The mission of the IMF stated on Thursday that it expected Serbia’s real GDP growth to be 4.2 percent this year and 3.5 percent in 2019.

At the end of their visit to Belgrade for the first consideration of a new arrangement, they also indicated that structural reforms should be accelerated, Beta agency reported.

The full implementation of the program of structural reforms will have additional positive effects on the growth potential, reads the statement of IMF Mission chief James Roaf.

It was pointed out that total inflation in Serbia increased to 2.6 percent in August and that it was expected to stay around the middle of the three-percent target band during 2018 and 2019.
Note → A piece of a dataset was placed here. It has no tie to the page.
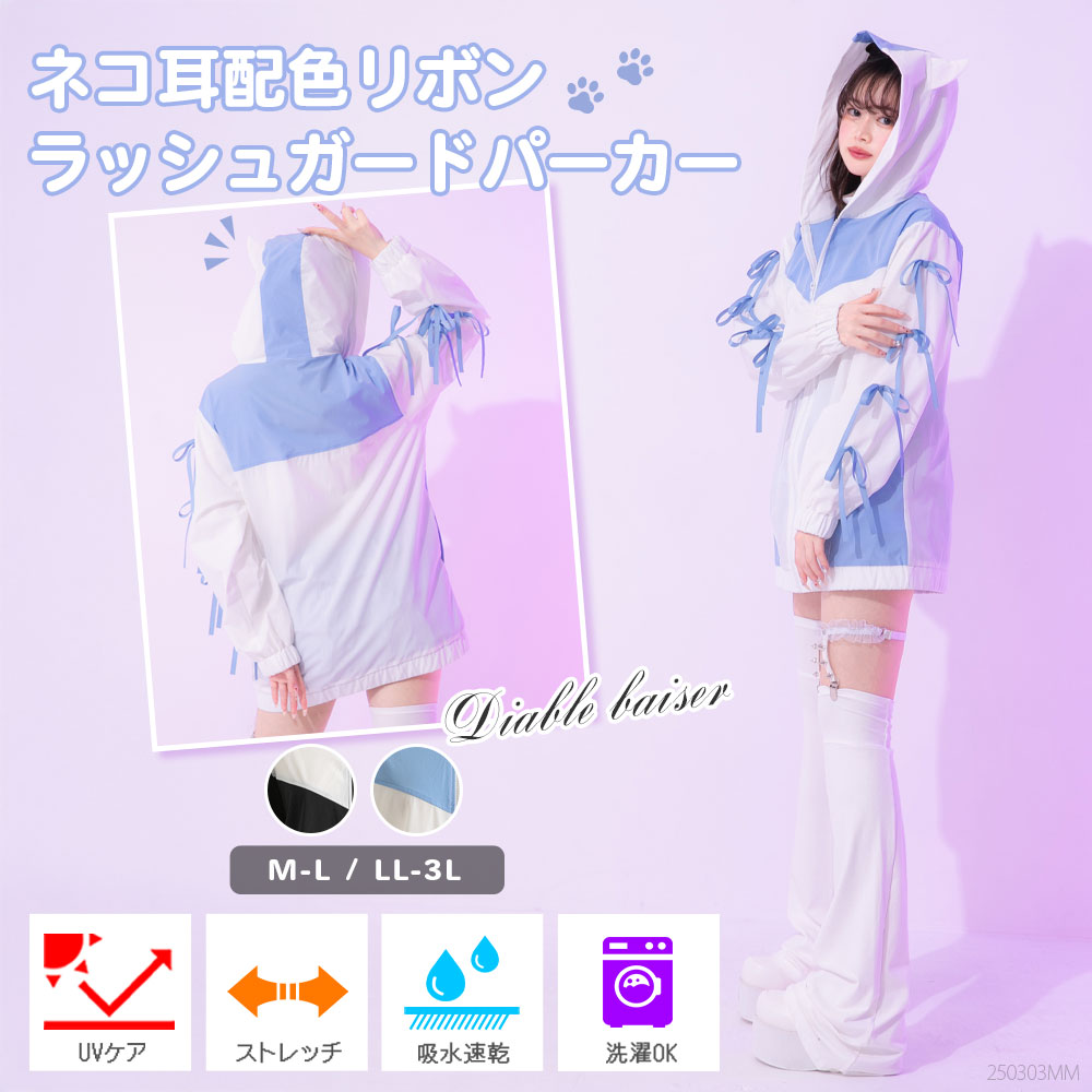 「病みかわ最強!ネコ耳付きラッシュガードパーカー」◇POINT◇ネコ耳付きフードで小悪魔感爆盛れ。体のラインをふんわり隠して、 細見え&儚げ感 アップ。フードかぶれば即あざとかわいいスタイル。濡れてもすぐ乾くから、海・プール・ライブ・フェスでも快適。配色デザイン/リボン配色もポイント。便利なポケット付きで携帯やコンパクト財布を入れれちゃいます。M-L/LL-3Lの2サイズ展開。----------【UVケア】紫外線から美肌守って、ストレスフリーにアゲ盛れ!【ストレッチ】ストレッチ機能って超アゲ!伸びる生地で 、めっちゃ動きやすい!【吸水速乾】汗かいても即サラ!ベタつき少なくずっと快適。【洗濯OK】ガンガン洗っても余裕!いつでも清潔&盛れキープ。※撥水加工・防水生地ではございませんので、着水は非推奨致します。----------【関連商品】4アイテム展開中535317:ネコ耳付ラッシュガードパーカー535318:ラッシュガードフリルパンツ535345:ウサギ耳フードラッシュガード535346:配色Aラインラッシュガード----------

Good macroeconomic results are still being accomplished. In 2018, growth accelerated thanks to private spending and dynamic foreign direct investments and exports. Conditions on the labor market continued to improve, with significant growth of employment in the formal sector, a drop in unemployment and stable growth of salaries in the private sector, Roaf said.

He added that, according to estimates, the general level of the state would register a surplus in the amount of 0.6 percent of GDP, with the higher than expected execution of capital spending.
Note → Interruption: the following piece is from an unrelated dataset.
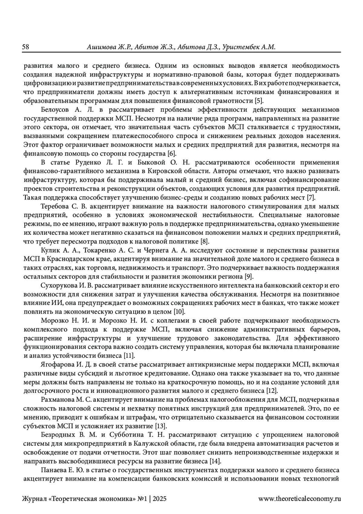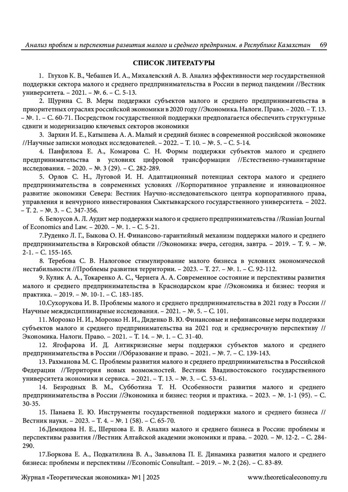 6. Белоусов А. Л. Аудит мер поддержки малого и среднего предпринимательства //Russian Journal of Economics and Law. - 2020. - №. 1. - С. 5-21. ;. DOI: 10.21202/1993-047X.14.2020.1.5-21 EDN: SRGGAL

The public debt should fall under 55 percent of GDP by the end of the year, while yields on state securities have stabilized at levels close to historic minimums. Considering the positive fiscal results, the government abolished the temporary reduction of pensions, dating back to the crisis period, which will come into effect in November 2018, while making sure that the overall share of pensions in GDP does not increase, Roaf said.